Written by on July 22, 2024

These are the images that will pour more fuel on the raging fire between Nine boss Mike Sneesby and his revolting staff, further jeopardising the media company’s ability to deliver comprehensive Olympics coverage from Paris.

Sneesby, managing director and chief executive at Nine, enjoyed a walk and then broke into a light run through an urban French town, 19 stops on the railway outside Paris just hours after staff at Nine newspapers voted in Australia on Monday to go on strike in a bid to secure higher wages.

After being handed the torch on a roundabout Sneesby was immediately popular with the excited French locals, many from a local housing estate. He crouched down to be photographed with children and one woman even snatched a quick kiss of the torch.

Sneesby then smiled broadly as he was surrounded by tight security, including a dozen motorcycles and 20 plain clothes police officers posing as joggers when the flame was passed on.

News of the industrial action comes as teams of journalists and production staff from Nine newspapers land in Paris ahead of the 2024 Olympic Games, with the Media, Entertainment and Arts Alliance (MEAA) indicating 17 staff assigned to cover the Paris Olympics would also be looking at walking off the job.

Such a move could sink Sneesby’s grand plans for unified Olympics coverage across the company’s print and television arms, an embarrassing concept for an organisation that spent $305 million securing its first rights to an Olympics since the 2012 Games in London.

Unionised journalists at the Sydney Morning Herald voted to go on strike after a Monday meeting to discuss the impending action.
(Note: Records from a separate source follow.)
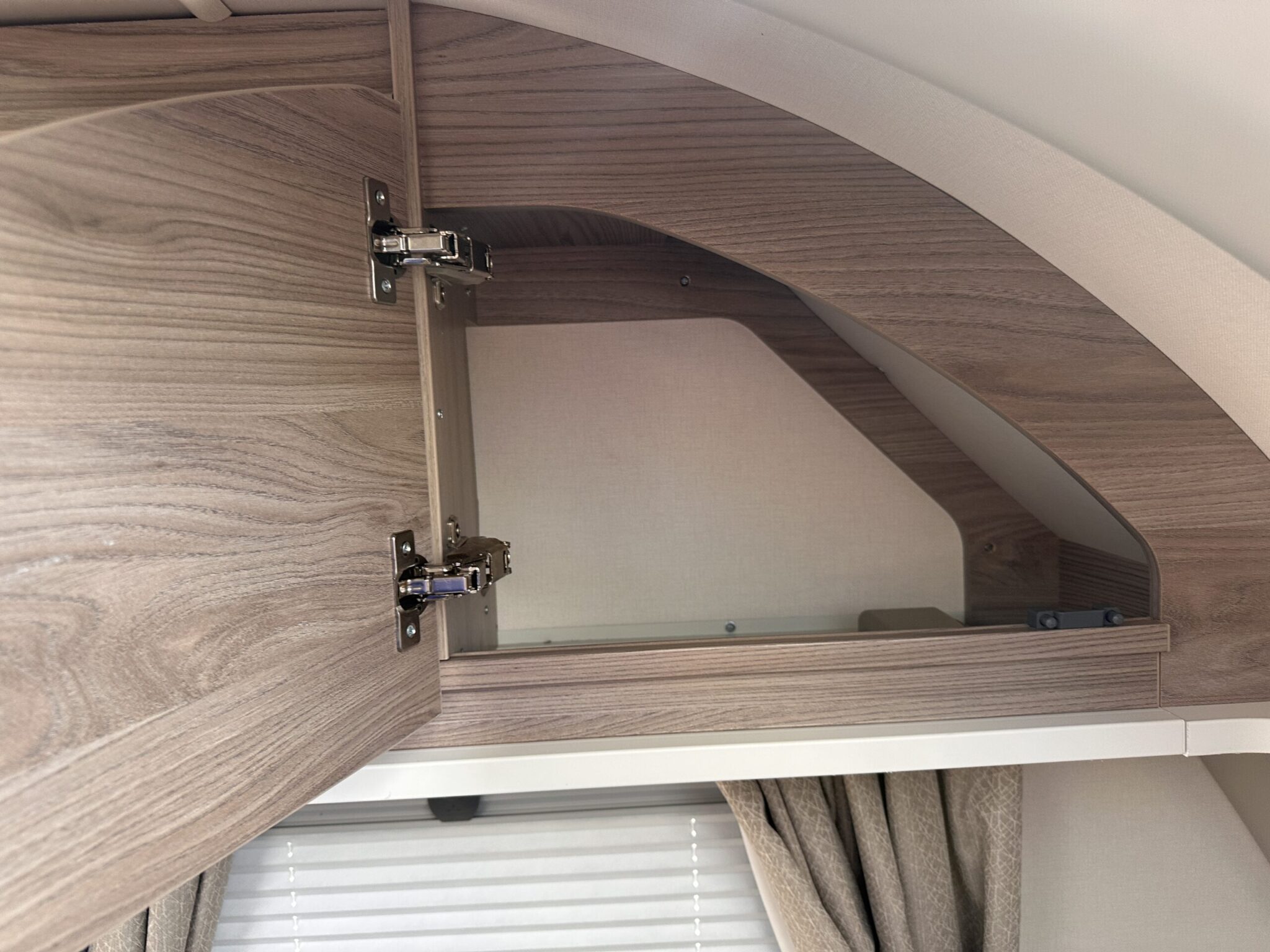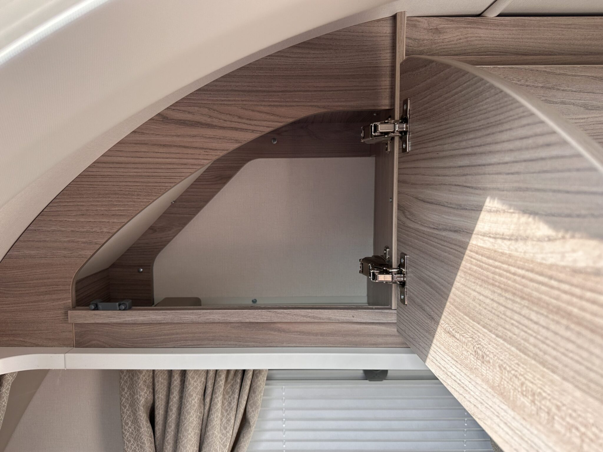- Bedroom: The rear bedroom area features a comfortable fixed French bed, so you can leave it made up for the entire trip. There is ample storage space in the overhead lockers and in the large area underneath the bed.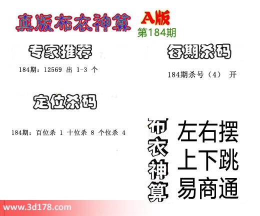 184期杀号(4) 开184期:12569 出 1-3 个 184期:百位杀 1 十位杀 8 个位杀 4布衣神算:左右摆 上下跳 易商通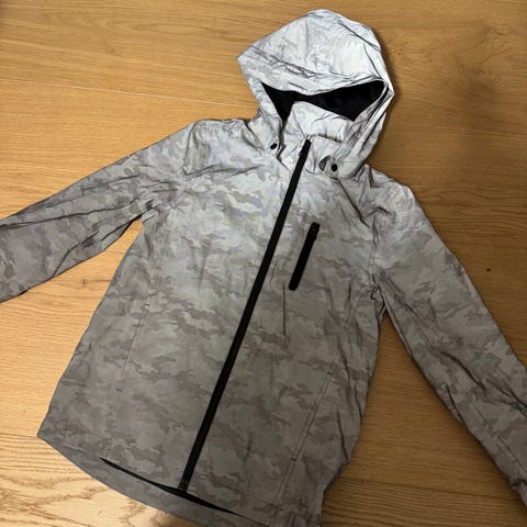 Selges en jakke fra Name it som er grå som blir refleks i mørket. Den selges for 100kr.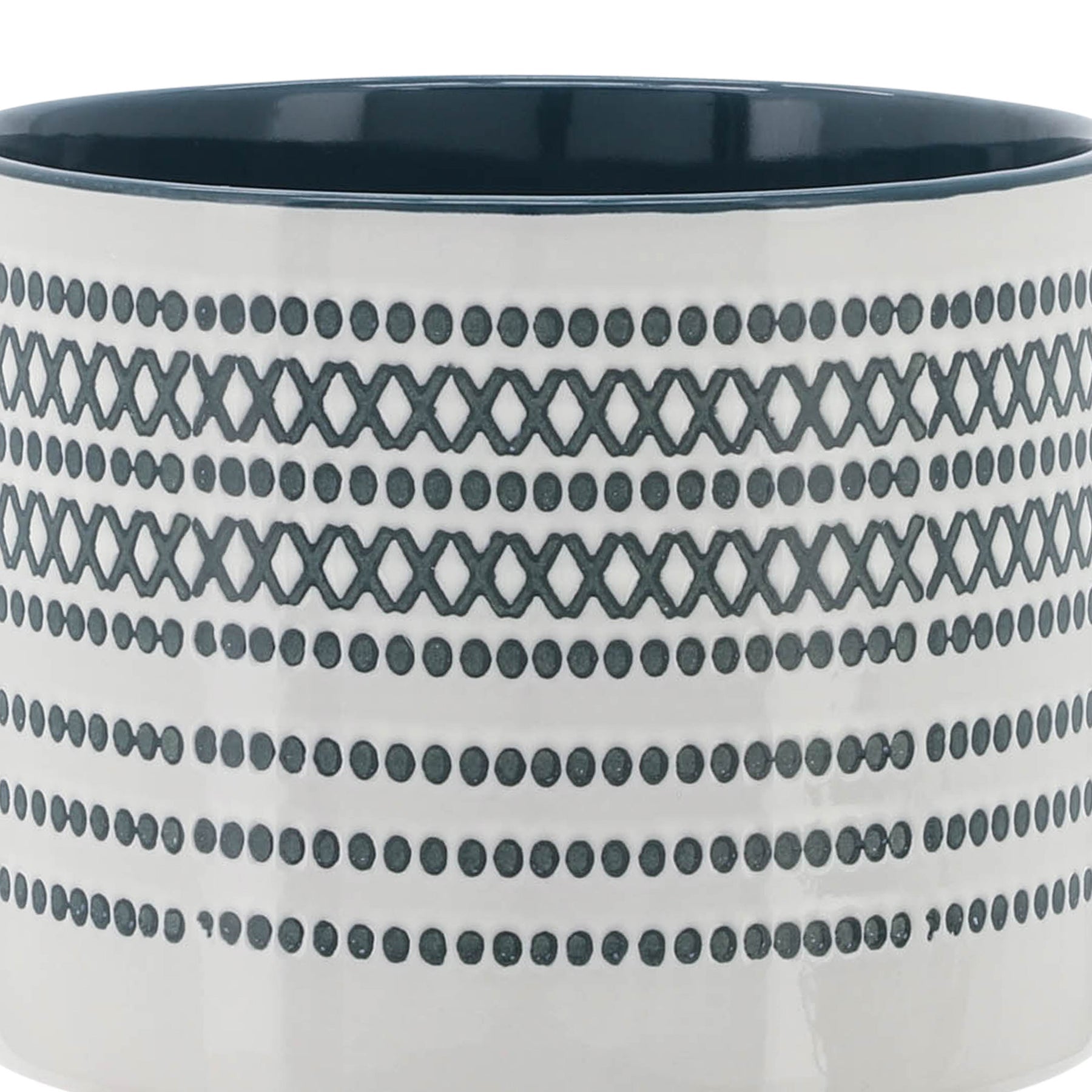 Esta maceta será el complemento perfecto para la decoración de su hogar u oficina. Puede complementar cualquiera de sus muebles existentes o usarse en cualquier rincón. Elaborada en cerámica, colocada sobre un soporte de madera, le aporta altura y estilo. El diseño de puntos azules texturizados le dará un toque llamativo, y el color interior a juego contrastará con sus hermosas plantas. El soporte no solo le aporta altura y estilo, sino que también es perfecto para proteger sus delicadas superficies. Perfecto para oficinas, dormitorios o cualquier rincón de su hogar.

A follow-up meeting is scheduled on Tuesday with management at Nine papers.

Journalists across Nine Publishing from The Age, The Australian Financial Review, Brisbane Times and WAtoday also met to finalise the first stages of the industrial action.
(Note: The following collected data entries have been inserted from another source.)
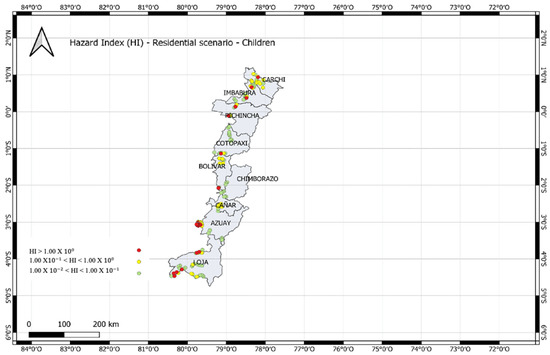 The figure provides a detailed overview of the Hazard quotient (HQ) for children in residential areas. It highlights that the provinces of Azuay and Loja show the most significant levels of risk. This crucial analysis provides a clear understanding of the areas where children may face the greatest dangers in their residential environment. The evidence underscores the need for targeted interventions in these regions to ensure the safety and well-being of the very young.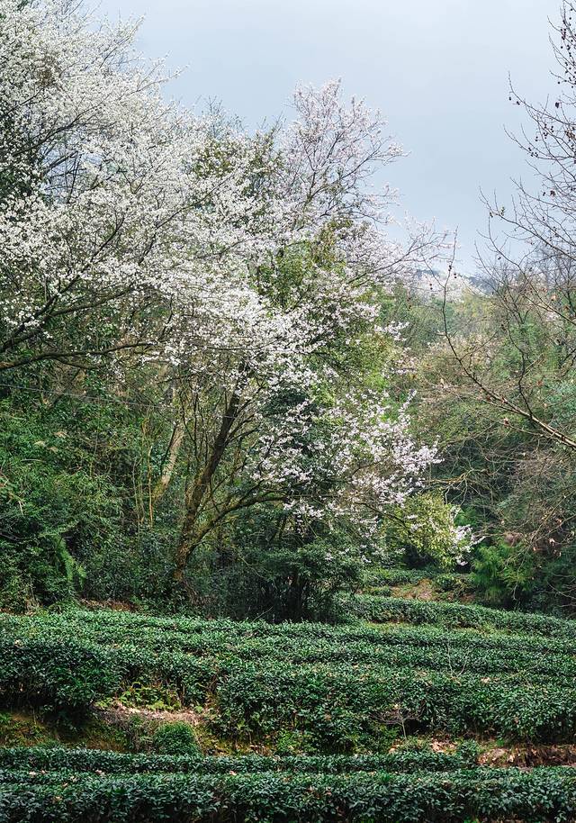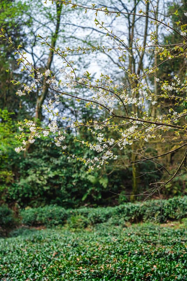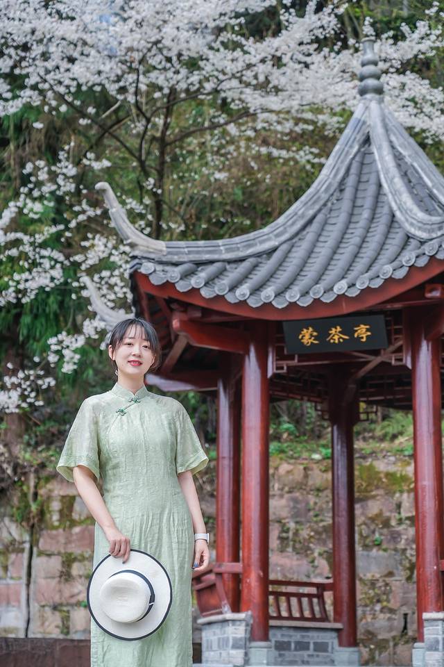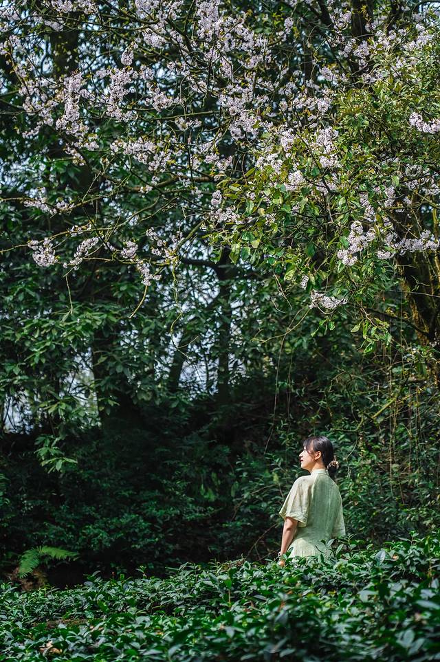 到了蒙顶山,一下就被大片茶园和樱花给美到了。白色的樱花挂在枝头,树下是延绵的茶园,一袭旗袍站在树下,时光都一下慢了下来。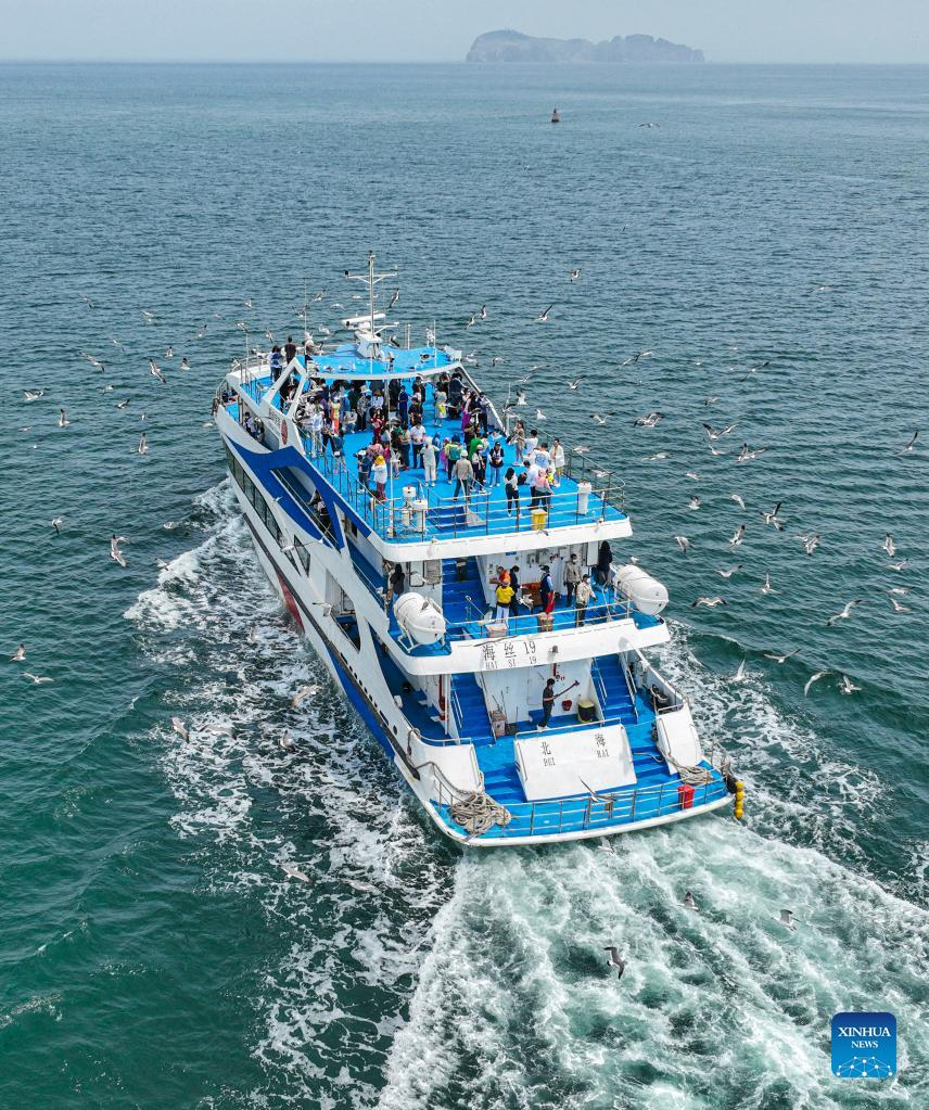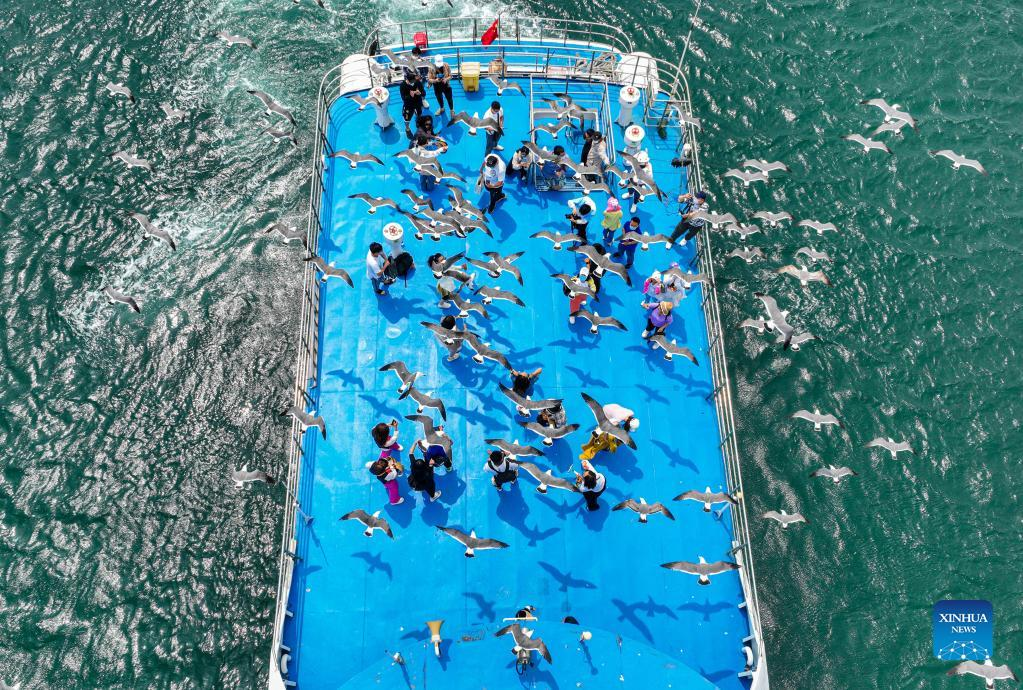 Aerial photo taken on June 12, 2022 shows people feeding a colony of black-tailed gulls in Rongcheng, east China's Shandong Province. (Photo by Li Xinjun/Xinhua)

Media, Entertainment and Arts Alliance (MEAA) acting director Michelle Rae said last week that 90 per cent of union members at Nine’s newspapers were in favour of a range of protected action, including an indefinite strike, if management did not put a serious offer on the table.

Nine journalists’ requests for a new enterprise bargaining agreement come after the company’s announcement more than 90 jobs would be cut from its mastheads.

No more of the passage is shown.